Akzente:  Will man Hilfe und Unterstützung von der BGN – und wenn ja, welche?

Krüger: Hier gibt etwa ein Drittel der Befragten an, Hilfe in Anspruch nehmen zu wollen. Gut zwei Drittel gehen davon aus, diese nicht zu benötigen. Am häufigsten werden Informationsmaterial und Seminare nachgefragt, aber auch Beratungen vor Ort, insbesondere zur psychischen Belastung der Beschäftigten. Auch arbeitsmedizinische Sprechstunden würden in Anspruch genommen werden. An Seminaren hätten vor allem Unternehmer und Sicherheitsfachkräfte aus dem Gastgewerbe, der Nahrungsmittelindustrie und der Getränkeindustrie Interesse. Beratung zur Minderung der psychischen Belastung wünschen sich vor allem Betriebsratsmitglieder, an arbeitsmedizinischen Sprechstunden wären insbesondere Betriebsmediziner interessiert.

Akzente:  Wie kann die BGN den Erfahrungsaustausch zu den Themen Klimawandel und erneuerbare Energieträger fördern?

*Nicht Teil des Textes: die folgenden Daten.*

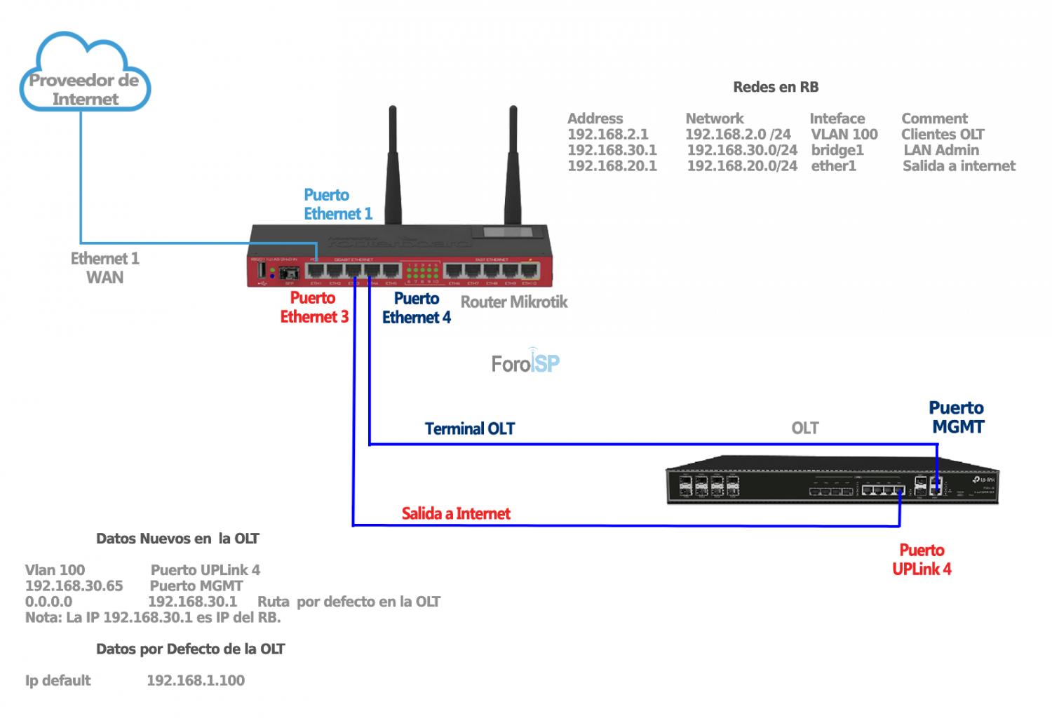 Utilizaremos la ip 192.168.30.65, esto permitirá acceder a la interfaz utilizando la Ip de administración y ya no la Ip por default. Para realizar el cambio tendremos que entrar a la interfaz de linea de comandos y cambiar la ip de la OLT, esto lo podemos hacer desde nuestro Mikrotik.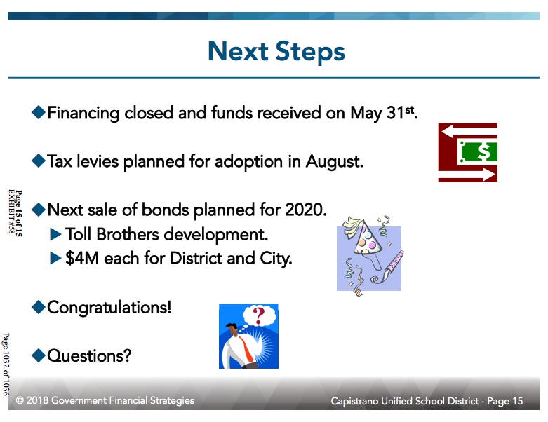 *Note: Upfront costs include underwriter's discount, bond counsel, disclosure counsel, general counsel, financial advisor, special tax consultant, fiscal agent, developer reimbursement, and misc. expenses.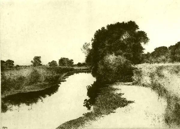 Walter Herzog, Radierung, Große Flussaue, 2004, Bildformat 26,0 x 36,8 cm, Papierformat 39,0 x 48,5 cm
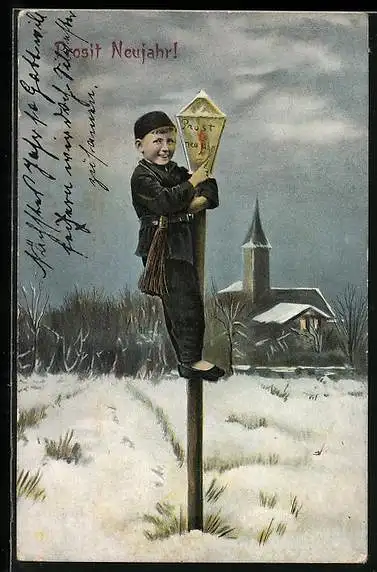 AK Schornsteinfeger auf einer Laterne im Schnee, Prosit Neujahr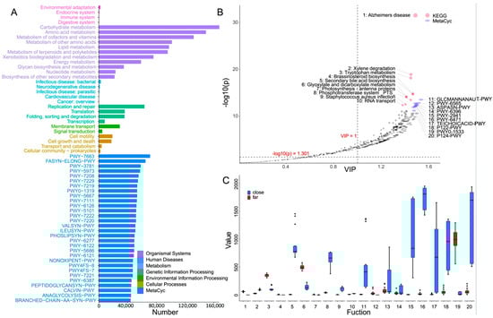 Functional prediction of the bacterioplankton communities in the samples of the nearshore and offshore stations. Pane (A): The results of the KEGG functional prediction and MetaCyc functional prediction. Pane (B): The PLS-DA of the bacterioplankton functions. The red dots represent the obtained top 10 KEGG pathways that show significant differences between the samples of the nearshore and offshore stations, while the blue dots represent the top 10 MetaCyc pathways obtained. The y-axis is for the negative logarithm of significance, with the horizontal dashed line indicating p = 0.05. The x-axis is for the variable importance in the projection (VIP) value to estimate the importance of each variable, with the vertical dashed line indicating a VIP score of 1, which served as a threshold for selecting significant pathways. Pane (C): The t-test analysis for the statistical difference of the predicted biological functions.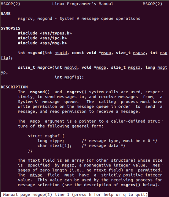 struct Msg{ long type; // 消息类型。这个是必须的,而且值必须 > 0,这个值被系统使用 // 消息正文,多少字节随你而定 // ... }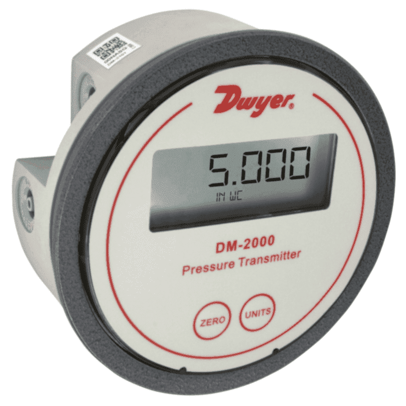 Les transmetteurs de pression différentielle de la série DM2000 so nt utilisés pour la mesure de pression d’air et de gaz compatibles (non corrosifs et non combustibles). Ce transmetteur délivre un signal 4-20 mA. Le boîtier du DM 2000 est de même diamètre que les manomètres Magnehilic standards et peut donc s’adapter aux mêmes découpes. Les raccordements de pression sont directement intégrés au boîtier et permettent une installation rapide et facile. Reglage du zéro et de l’étendue en facade à l’aide de boutons poussoires digitaux. Disponible avec ou sans afficheur LCD.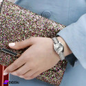 Women's watch, with an elegant, classic and luxurious design, made of a stainless steel bracelet and a three-fold clasp. It features an analog display made of mineral glass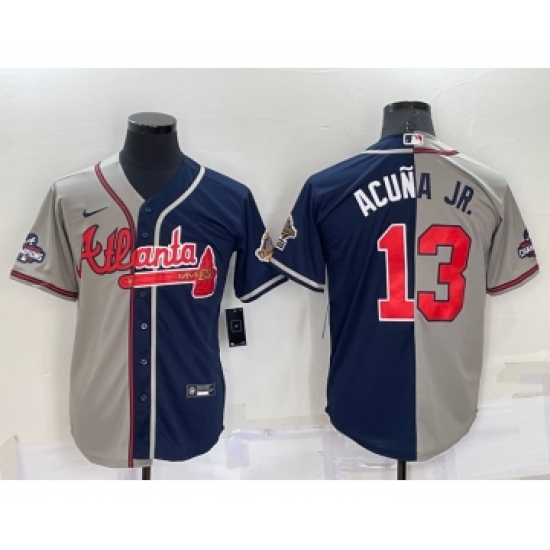 Men's Atlanta Braves #13 Ronald Acuna Jr Grey Navy Blue Two Tone Stitched Nike Jersey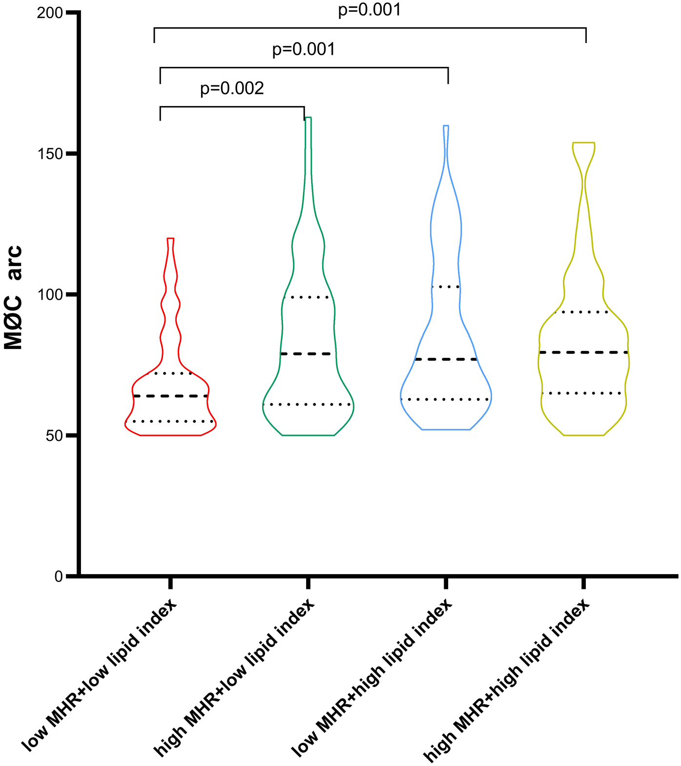 The systemic inflammation and plaque vulnerability differed significantly between UAP, NSTEMI, and STEMI, so a subgroup analysis was conducted based on clinical presentation. Moreover, individuals were divided into two groups based on hs-CRP levels of <2 mg/L or ≥2 mg/L, and the inflammation biomarkers and plaque vulnerability were assessed at different hs-CRP levels. In addition, we divided patients with macrophage clusters into four groups based on the median value of MHR and lipid index.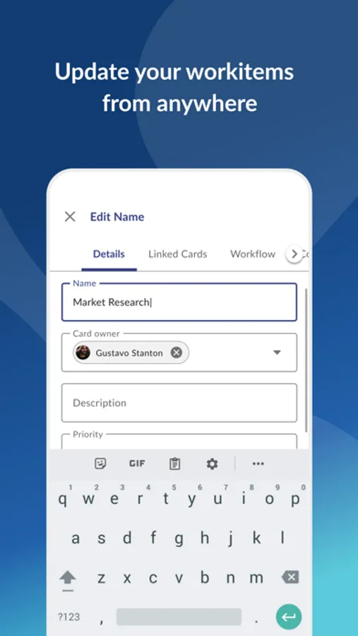 Update details such as the priority, card owner, start date, end date, due date, etc. for the workitems

Krüger: Regional bieten wir Austauschveranstaltungen für Sicherheitsfachkräfte an, bei denen diese Themen zur Sprache kommen können. Auch in BGN-Seminaren können die Teilnehmenden dazu gut ins Gespräch kommen, insbesondere wenn diese in Präsenz stattfinden. Und schließlich freuen wir uns natürlich über Einreichungen auch zu diesen Themen im Rahmen unseres Präventionspreises. Die ausgezeichneten Gewinner des vergangenen Jahres werden im Rahmen unserer digitalen Arbeitsschutztagung am 12. und 13. November 2024 ihre Präventionslösungen einem breiten Publikum vorstellen.